Without any pictures, retype exactly the lines that begin at the one holding "現在、主にデジタル技術をはじ" and end at the last line of the data below.

=====

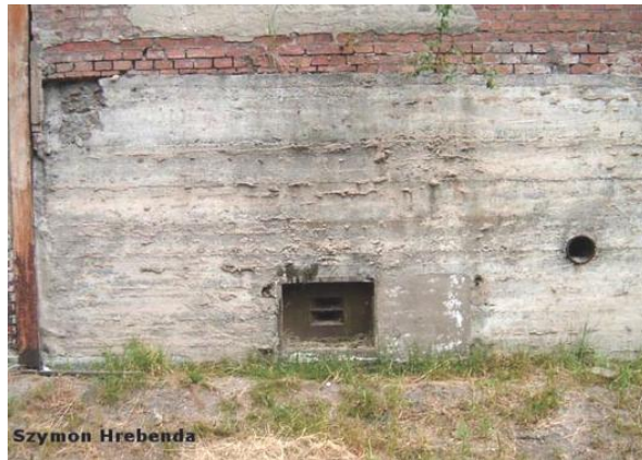
widok od południa
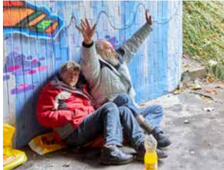
Tito lidé se často zdržují v podchodech.

Uvedené lavičky v drtivé většině obývají jen bezdomovci a lidé znalí poměrů by
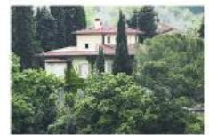
Casa Olazábal (Oíartzun, Guipúzcoa)

Está en la parte alta de la montaña. A pocos minutos de la playa. Tiene tres habitaciones dobles, una biblioteca, dos baños, cocina y salón con una gran terraza.
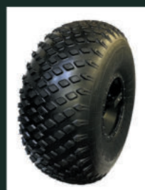
Шина серхнизкого давления 1600 x 700-635 (2/4 слоя корда)
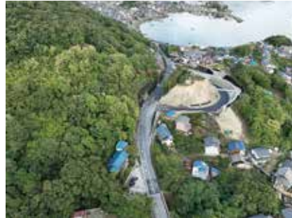
鞆松永線道路改良工事

現在、主にデジタル技術をはじめとしたテクノロジーの進歩により、様々な事物が変化しており、今後はそのスピードもより速くなることが予想されます。時代の変化に振り回されず、地に足つけて歩くためには、過去や経験に加えて、新たな考えや発想も吸収できる柔軟性が大事になると考えています。
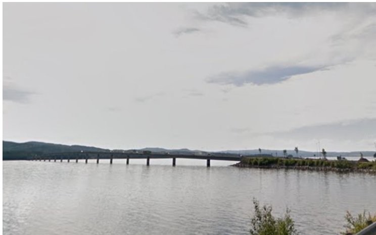
På veien hjem kjørte vi over Mjøsbrua .
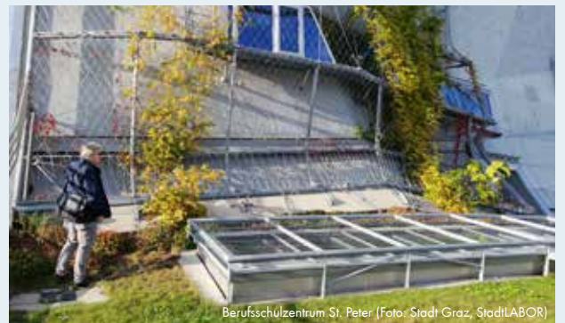
Berufsschulzentrum St. Peter

=====

== Answer box ==
現在、主にデジタル技術をはじめとしたテクノロジーの進歩により、様々な事物が変化しており、今後はそのスピードもより速くなることが予想されます。時代の変化に振り回されず、地に足つけて歩くためには、過去や経験に加えて、新たな考えや発想も吸収できる柔軟性が大事になると考えています。
På veien hjem kjørte vi over Mjøsbrua .
Berufsschulzentrum St. Peter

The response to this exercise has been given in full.